Catholic authorities have alternatively banned and approved the event since its inception. There is a letter dated 1867 asking Benito Juárez for help in its preservation against hostile church authorities. During the Mexican Revolution, the event was suspended due to clashes between governmental and church authorities. However a legend states that Emiliano Zapata lent his horses and ordered the renewal of the event in 1914. Church criticisms of the play have included that it deviates too much from the Biblical account, and it does have elements of other stories such as Dante’s Divine Comedy. Examples of deviation include King Herod’s harem which performs a sensual belly dance. However, the play has survived not only church prosecution but also governmental opposition to public displays of religion and Iztapalapa’s demographic change from indigenous to mestizo.

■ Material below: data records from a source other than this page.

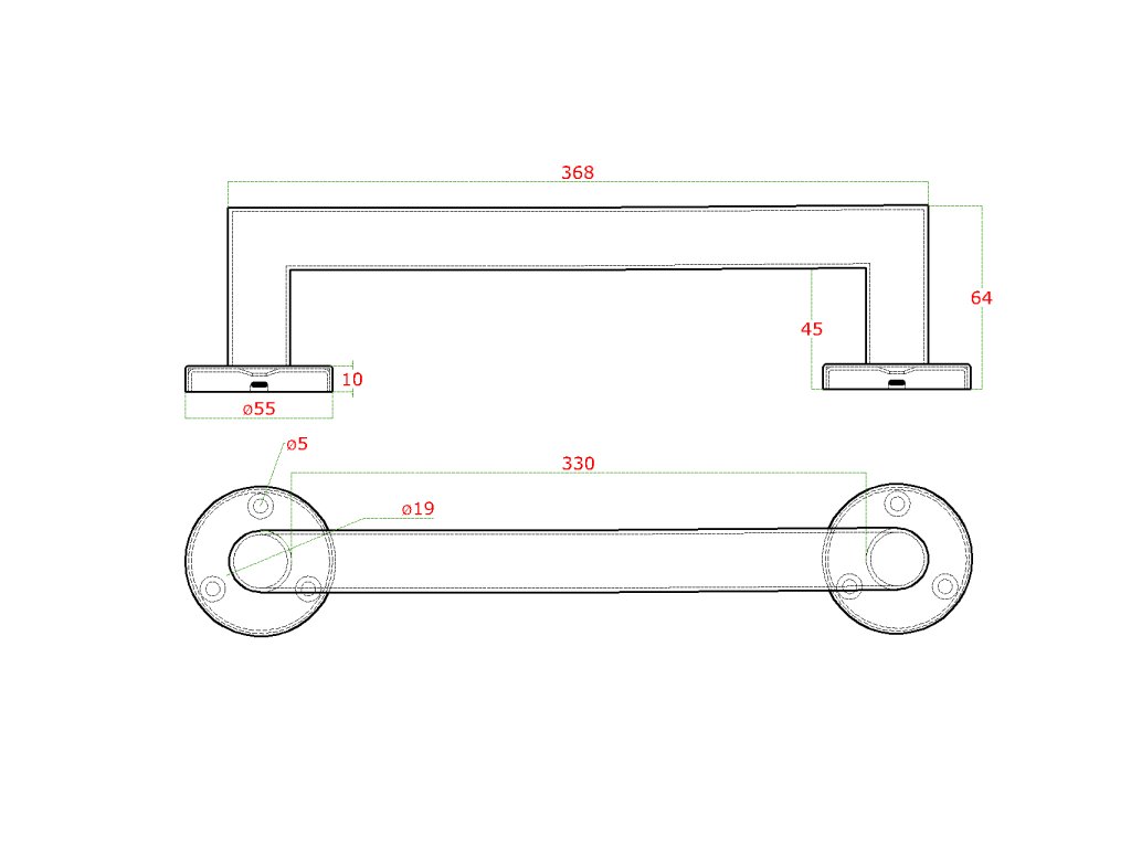 Nerezové madlo (368x64mm /ø 19mm), broušená nerez K320 /AISI304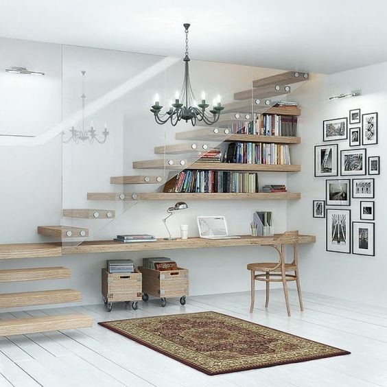 The light you see on the left side of the dining room is our family room, which has a wall dedicated to boxed belongings at this moment. Renovation means a lot of stuff stays packed for now, but the picture below shows one idea for the room. Right now we are planning to add cabinets along the wall where the chairs are in the below picture. The cabinets will be a bit narrow and we will get a small sofa.
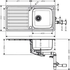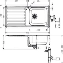 Hansgrohe Abwäschen – Küchenset – Spültisch + Spültischarmatur C71-F765-10, Verchromt 43203000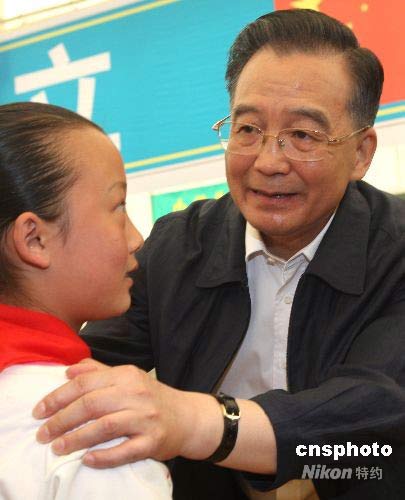 圖:溫家寶到綿陽帳篷學?赐麨膮^(qū)學生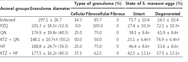Immature Mature Dead Hepatic Intestinal Infected 56.14 ± 9.84 36.56 ± 9.28 7.30 ± 1.64 17.98 ± 5.40 26.02 ± 4.24 PZQ 0.00 ± 0.00a 0.00 ± 0.00a 100 ± 0.00a 1.26 ± 1.16a (93.0) 0.57 ± 0.31a (97.8) QN 12.26 ± 5.77a 19.61 ± 6.11a 68.13 ± 8.80a 6.33 ± 3.22a (64.8) 11.32 ± 3.17a (56.5) KTZ + QN 6.13 ± 3.25a,b 10.63 ± 6.02a,b 83.24 ± 12.05a,b 2.91 ± 0.65a,b (83.8) 8.32 ± 1.81a,b (68.0) HF 22.14 ± 7.52a 29.45 ± 8.63 48.41 ± 6.11a 8.81 ± 2.23a (51.0) 13.53 ± 3.65a (48.0) KTZ + HF 14.32 ± 3.56a,c 19.97 ± 7.44a,c 65.71 ± 10.38a,c 6.11 ± 3.31a (66.0) 9.23 ± 3.08a,c (64.5) Animal groups Granuloma diameter Types of granuloma (%)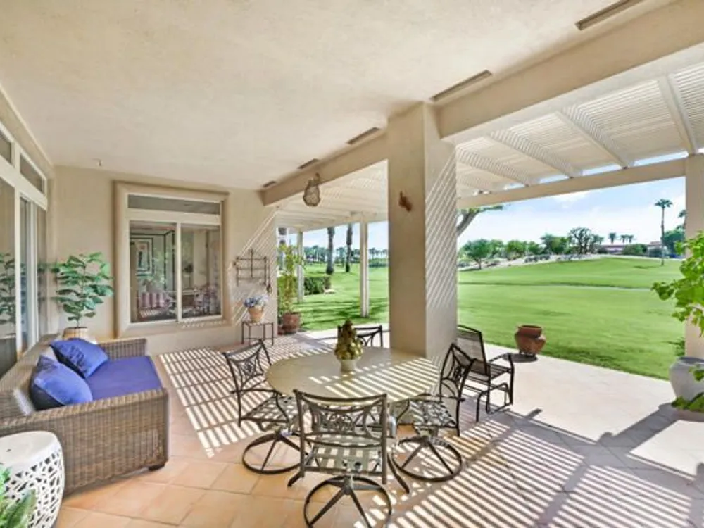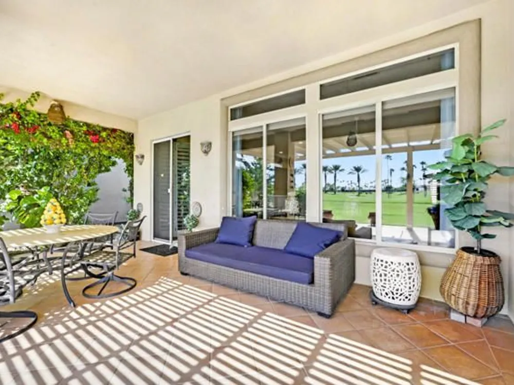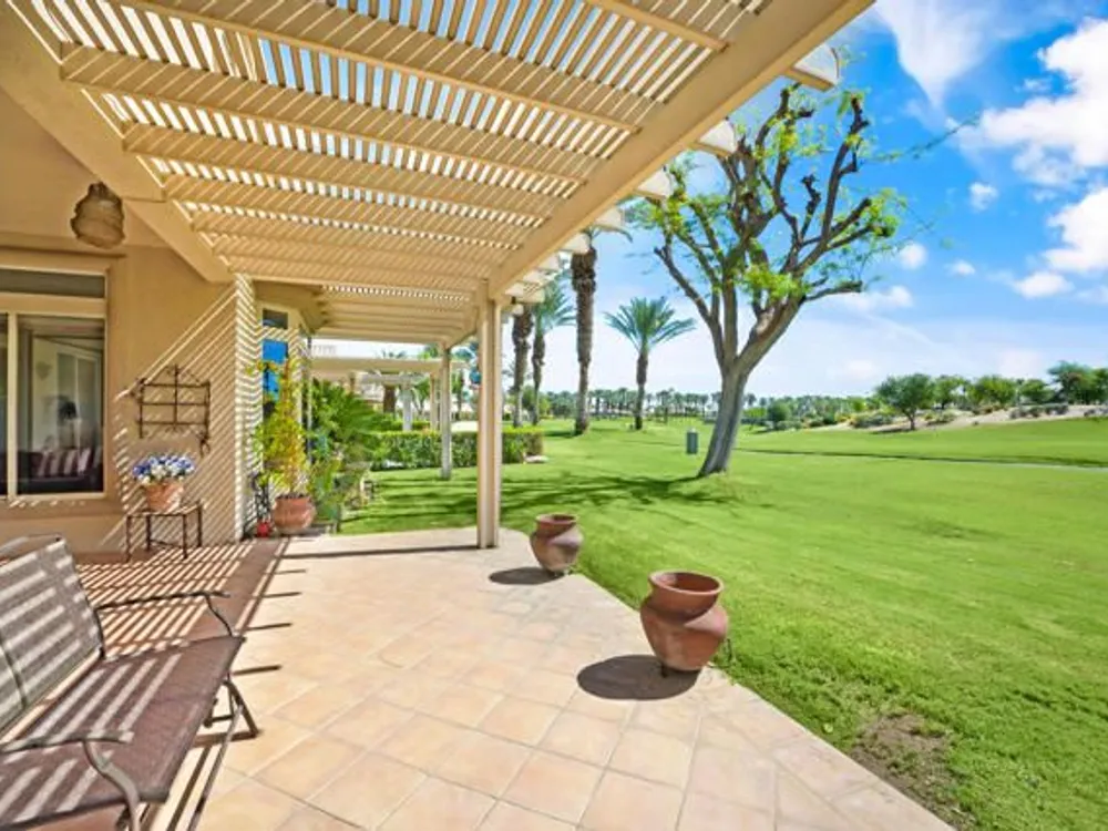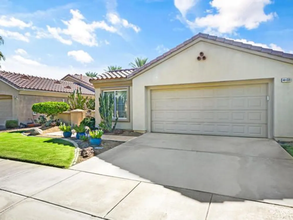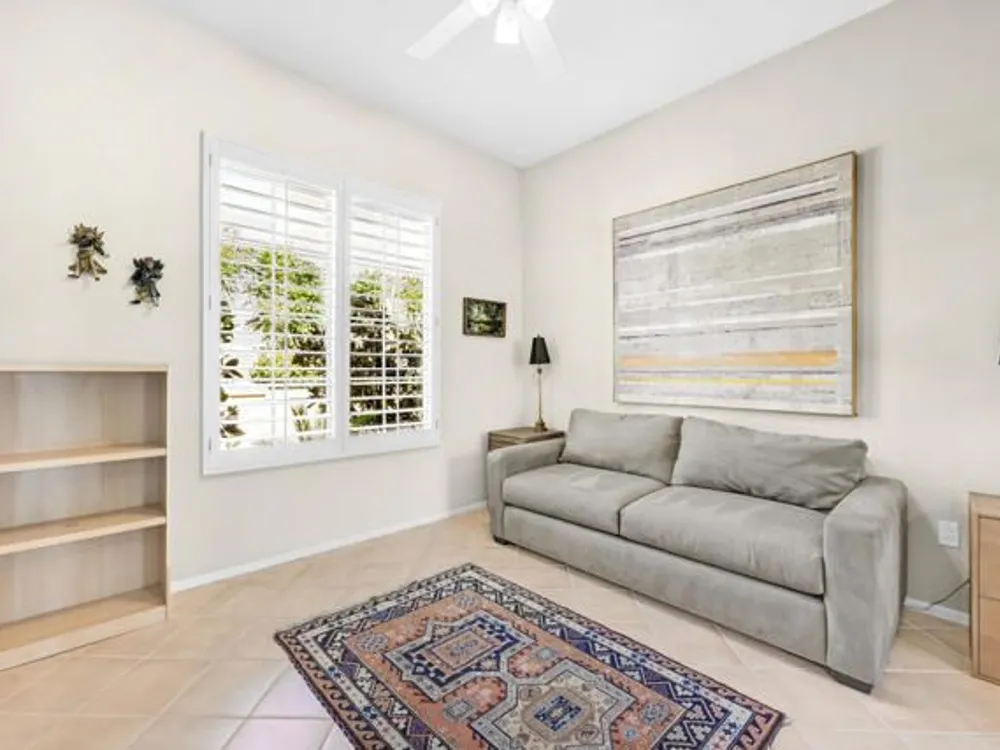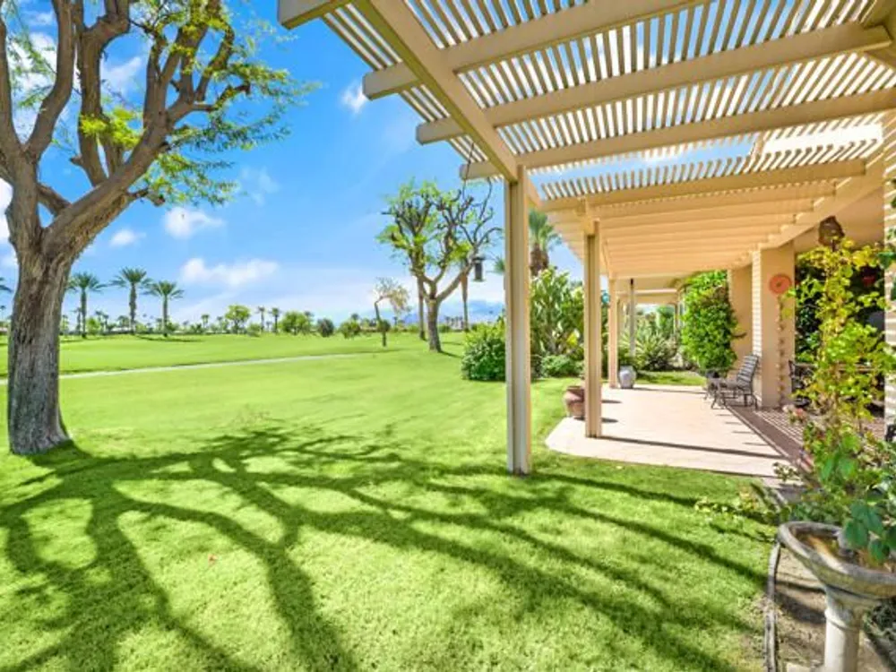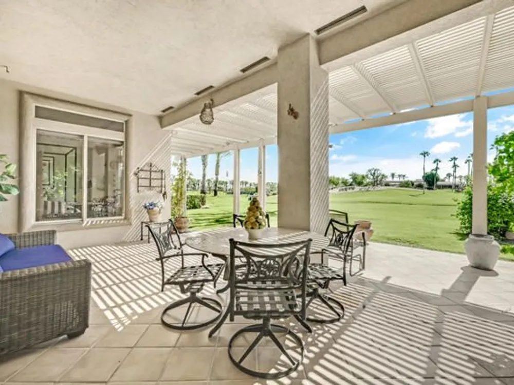 Welcome to Heritage Palms, a premier 55+ gated golf course community in the Coachella Valley. This beautifully maintained single-story home offers 1,707 sq. ft. of living space with tile flooring throughout and a prime golf course setting on Hole #2 of the 18-hole championship course. Inside, you'll find a spacious living/dining room combo with a cozy fireplace, a versatile den, and plantation shutters. The kitchen features stainless steel appliances, a walk-in pantry, a breakfast counter bar, and ample cabinetry. The primary suite is highlighted by a large picture window with seating, while the en-suite bath includes dual vanities, a walk-in shower with grab bars and a built-in bench, and a generous walk-in closet. An additional bedroom and bath provide comfortable accommodations for guests. Step outside to a covered patio with tiled flooring, perfect for enjoying sweeping golf course views year-round. As a resident of Heritage Palms, you'll enjoy access to the 18-hole championship golf course, clubhouse, fitness center, indoor and outdoor pools, tennis and pickleball courts.

The popularity of the performance began to significantly increase after World War II, attracting tourists first from within Mexico then from abroad. Popularity increased in the 1960s, when Vatican II legitimated passion reenactments. It has become the most famous passion play in Mexico. Television coverage of the event began in the 1980s, and since has regularly been broadcast to the Spanish-speaking world, as well as covered by media in the United States and Europe. While it remains first and foremost a religious event, it has also become a rite of local identity and has brought attention to the poverty of the borough. A documentary about the event called "Iztapalapa, memoria y tradición" was directed by Francisco Alatriste Torres of the Escuela Nacional de Antropología e Historia. The city government has declared the event to be an intangible cultural heritage of Mexico City, as part of an effort to gaining similar recognition from UNESCO. The increased tourism, as well as “competition” and influence from other passion plays, have had an effect. The urban space where the play takes place has changed to accommodate its growth. Passion plays in the Philippines have had an influence leading to more realism in the violence, both in the flogging and the crucifixion. The actors have become younger, as well as the Nazarenes which now include some children.

===Passion Play 2020===
Due to the COVID-19 pandemic in Mexico, the play was moved indoors for the first time in its 177-year history and it was broadcast on television. Fairs, commercial events, pilgrimages, and shows associated with Holy Week in Mexico were suspended. Schools were closed and vacationers were advised to stay away from beaches and other tourist attractions. The broadcasts, the first to be aired nationwide on television, were co-produced by the borough government and public stations Channel 14 and Channel 11, as well as the city-owned Capital 21 (with broadcasts online to viewers abroad as before, but with the added first of international broadcasts via satellite).

In 2021, the number of broadcasters of the event grew, with even Televisa's Youtube page offering a live broadcast feed.

The in-person play returned for the 2022 season. For 2025, the official Youtube channel finally added a simultaneous sign language interpretation inset for the deaf and hard of hearing who watch the broadcast.

In 2025, the Passion Play was granted the status of UNESCO Intangible Cultural Heritage in recognition of more than a century of performances and their impact in both Mexico City and nationwide. The public declaration ceremony was held on February 18, 2026, which also served as an early official kickoff to the Holy Week 2026 season.